In computer networking, packet delay variation (PDV) is the difference in end-to-end one-way delay between selected packets in a flow with any lost packets being ignored. The effect is sometimes referred to as packet jitter, although the definition is an imprecise fit.

==Terminology==
The term PDV is defined in ITU-T Recommendation Y.1540, Internet protocol data communication service - IP packet transfer and availability performance parameters, section 6.2.

In computer networking, although not in electronics, usage of the term jitter may cause confusion. From RFC 3393 (section 1.1):

The variation in packet delay is sometimes called "jitter". This term, however, causes confusion because it is used in different ways by different groups of people. ... In this document we will avoid the term "jitter" whenever possible and stick to delay variation which is more precise.

==Measurement of packet delay variation==
The means of packet selection for measurement is not specified in RFC 3393, but could, for example, be the packets that had the largest variation in delay in a selected time period.

The delay is specified from the start of the packet being transmitted at the source to the start of the packet being received at the destination. A component of the delay that does not vary from packet to packet can be ignored. If the packet sizes are the same and packets always take the same time to be processed at the destination, then the time the end of the packet is received could be used instead of the time the beginning is received.

Instantaneous packet delay variation is the difference between successive packets—here RFC 3393 does specify the selection criteria—and this is usually what is loosely termed jitter, although jitter is also sometimes the term used for the variance of the packet delay.
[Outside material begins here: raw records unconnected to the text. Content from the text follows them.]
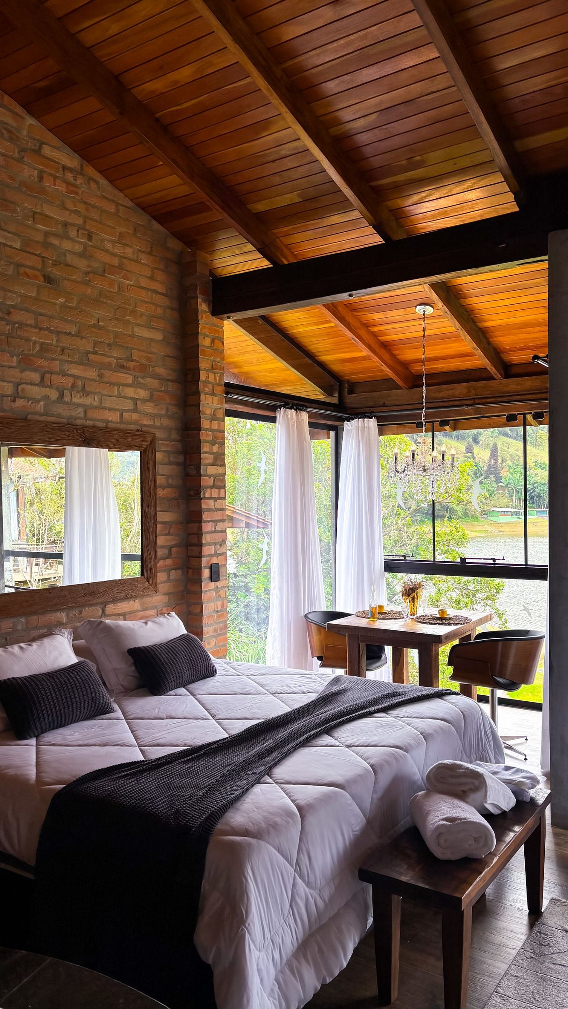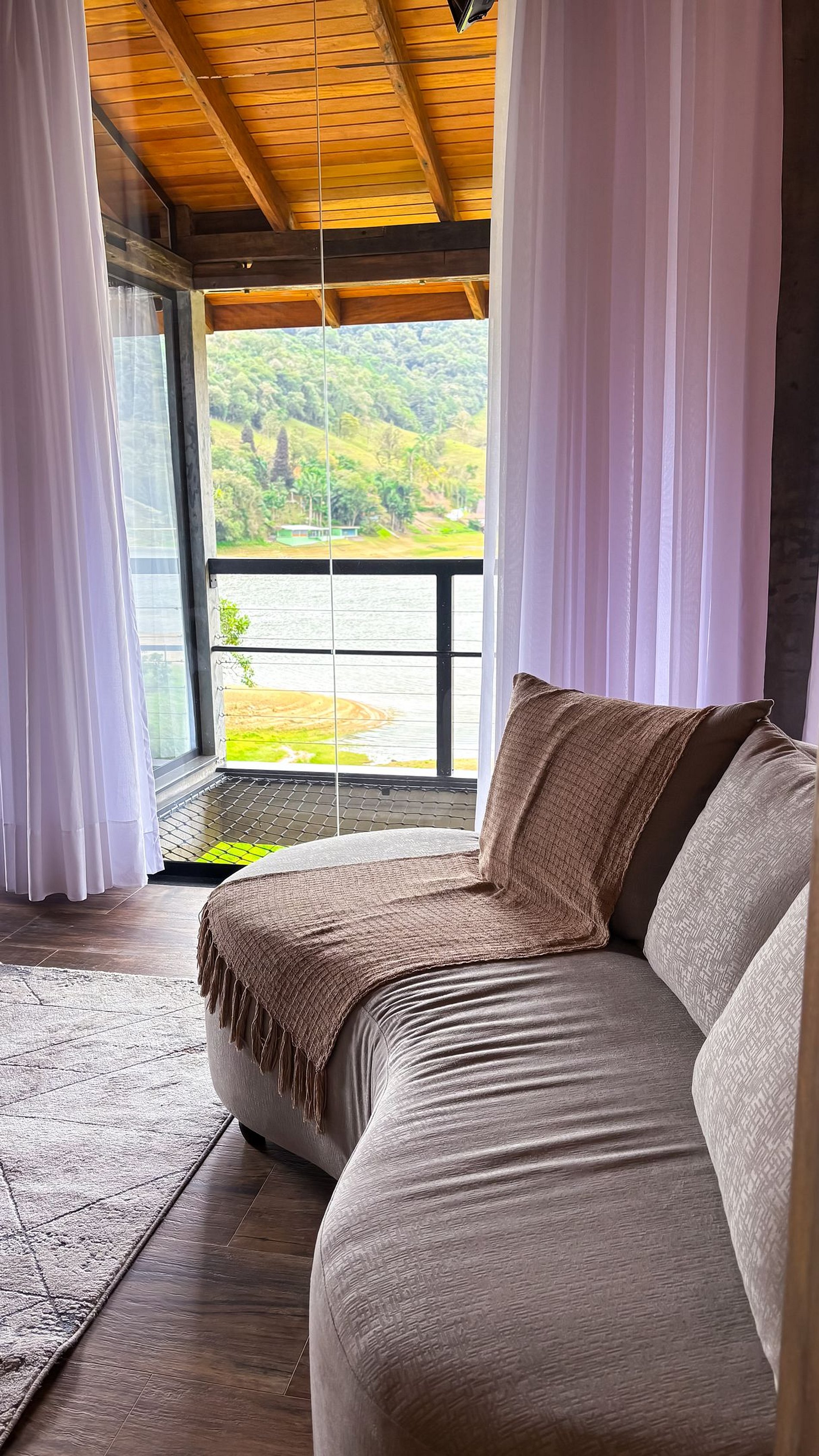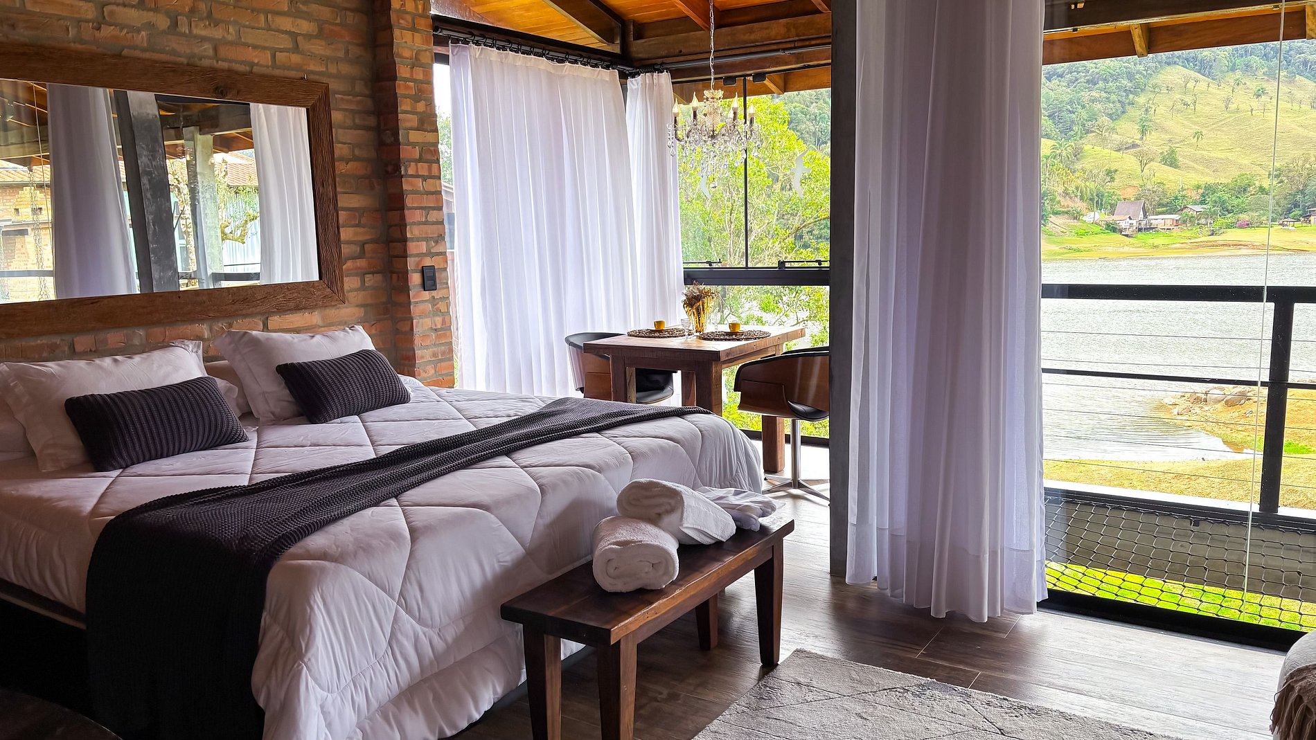 Projetada para trazer o máximo de conforto aos hóspedes, a Cabana de Pedra oferece a combinação perfeita de comodidade e sofisticação com uma vista privilegiada para a Barragem. Seus diferenciais de design, como o chuveiro exclusivo com chão de pedra, e a rede suspensa na varanda, garantem uma experiência única e inesquecível.
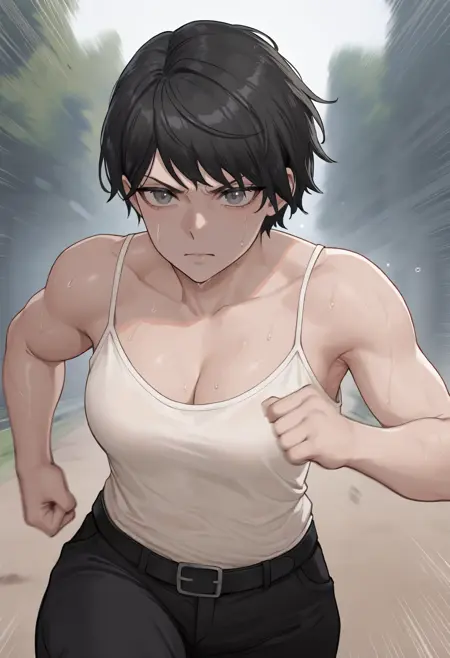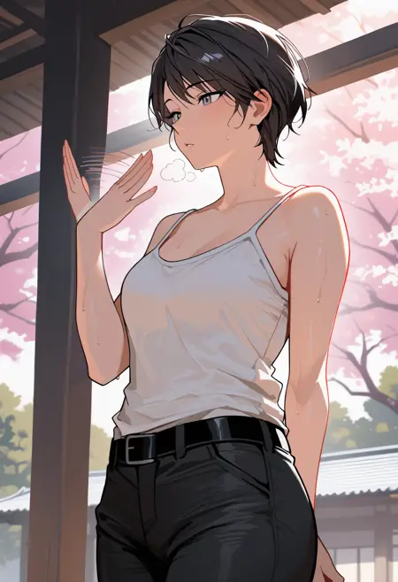 服装标签: 白色吊带背心,黑色腰带,黑色长裤,棕色鞋履
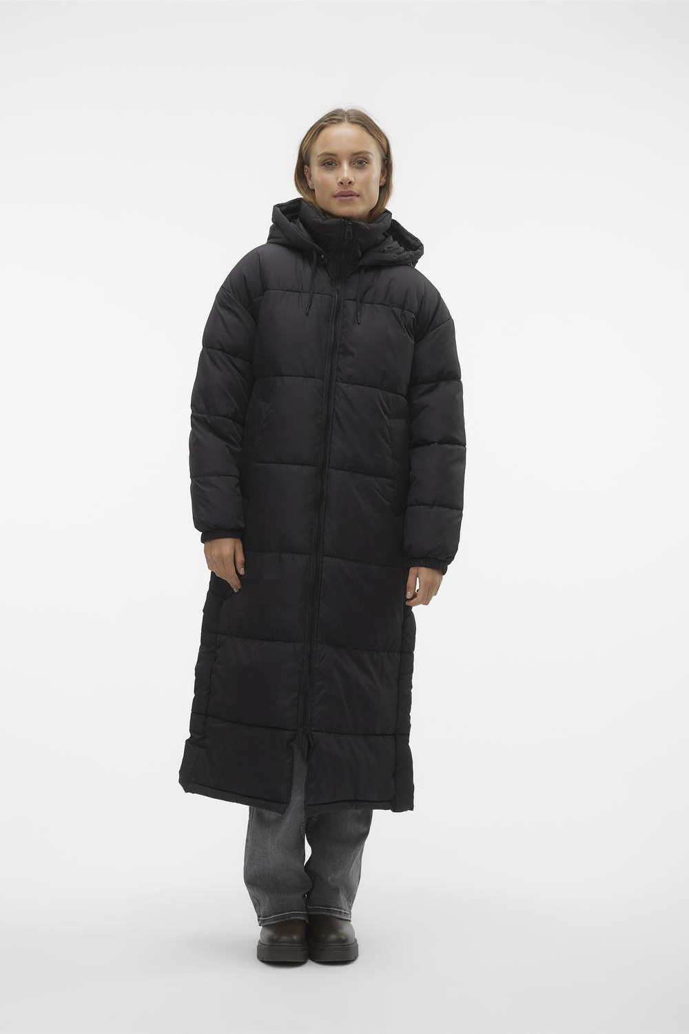 Deze zwarte lange jas van Vero Moda is een comfortabele keuze voor de koude dagen. Gemaakt van 100% polyester, biedt de jas een gewatteerde voering die je warm houdt zonder afbreuk te doen aan stijl. De capuchon en ritssluiting zorgen voor extra bescherming tegen wind en regen. Met zijn regular fit pasvorm en lange mouwen past deze jas perfect in jouw casual wintergarderobe.
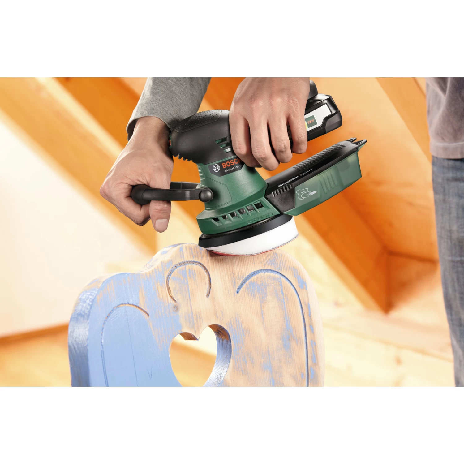 De accu-excenterschuurmachine AdvancedOrbit 18 van Bosch: netjes werken met weinig stof en maximale veelzijdigheid om elke klus moeiteloos te klaren. Uitstekend te hanteren, onder controle te houden en te bedienen voor probleemloos en zuiver werken in alle richtingen (horizontaal, verticaal, bovenhands). Kan worden gebruikt voor het schuren en polijsten van een groot aantal materialen, bijv. het schuren van hout waaronder deurkozijnen en meubels, of het polijsten van kunststof en gelakte oppervlakken zoals voertuigonderdelen. Kabelloze vrijheid voor alle klussen. Klithechtsysteem om schuurbladen snel en comfortabel te wisselen. Schuurpapier kan eenvoudig worden aangebracht dankzij de Paper Assistant. Bosch Electronic: traploze voorinstelling van het toerental, voor op het materiaal afgestemd werken.
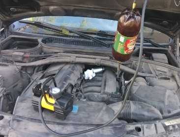 - Одноконтурная очистка с применением специальной мобильной установки (собирается из двухлитровой бутылки, автомобильных золотников, компрессора для накачки шин, бензостойкого шланга, хомутов). Подсоединяется к топливной рампе.
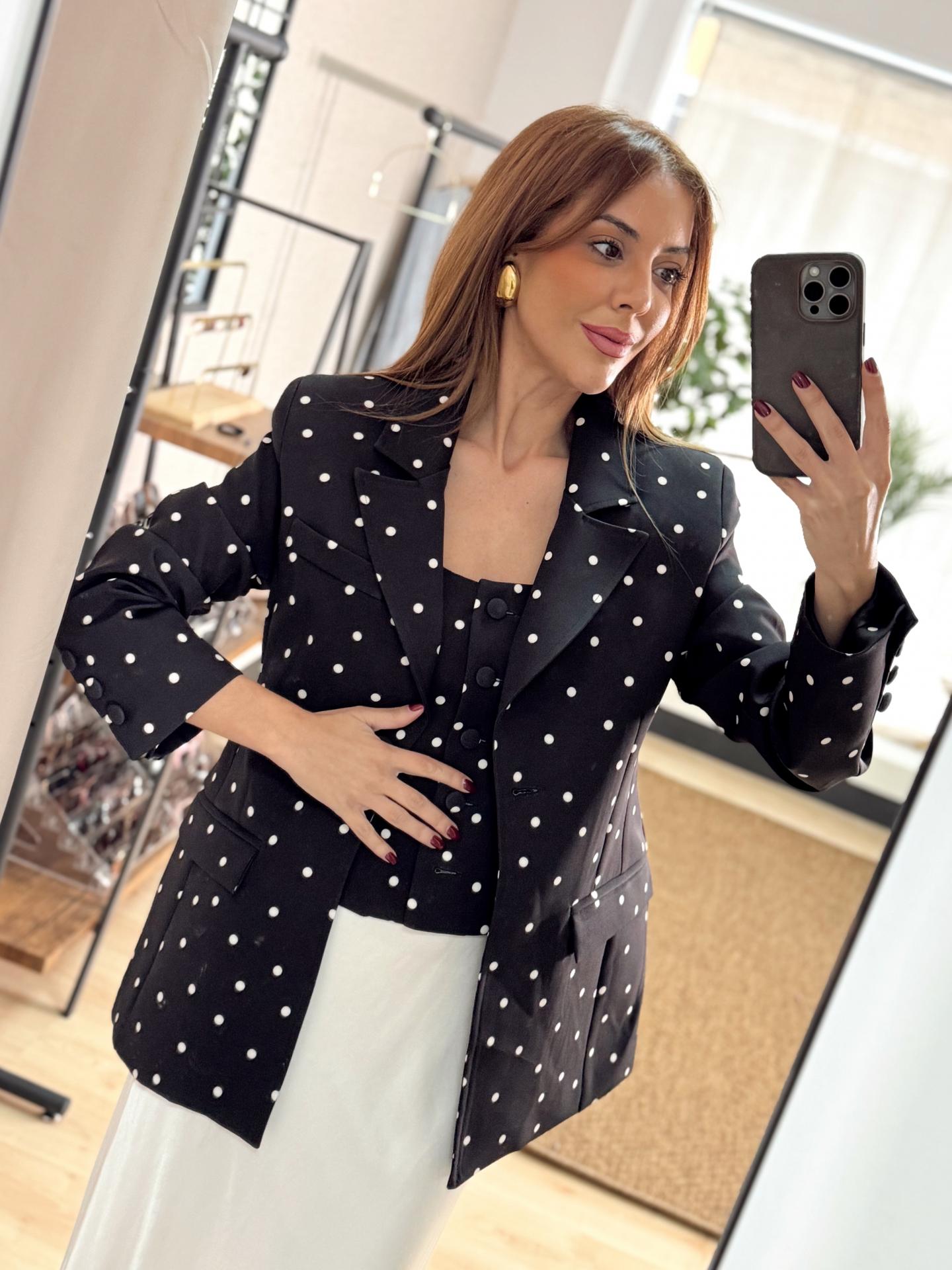 La chaqueta GABRIELA de nuestra maravillosa casa de firma viene en un espectacular tejido con detalle de peplum en los laterales de la chaqueta con efecto acolchado. Corte entallado y con chaleco a juego si se desea. Está completamente forrado y con hombreras

As an example, say packets are transmitted every 20 ms. If the second packet is received 30 ms after the first packet, IPDV = +10 ms. This is referred to as dispersion. If the second packet is received 10 ms after the first packet, IPDV = −10 ms. This is referred to as clumping.

==PDV diagrams==
It is also possible to visualize (I)PDV measurements, which makes interpreting and understanding the network easier, or (for bigger datasets) possible at all.

One possible diagram type is a simple point cloud diagram in which the x-axis represents the packet number and the y-axis contains the corresponding (I)PDV values, one dot for each measurement.

Another type is a distribution histogram, which is more useful for bigger datasets or even comparisons of different paths or technologies.

==Limiting PDV or its effects==
The effects of PDV in multimedia streams can be mitigated by a properly sized buffer at the receiver. As long as the bandwidth can support the stream, and the buffer size is sufficient, buffering only causes a detectable delay before the start of media playback.

However, for interactive real-time applications, e.g., voice over IP (VoIP), PDV can be a serious issue and hence VoIP transmissions may need quality-of-service–enabled networks to provide a high-quality channel.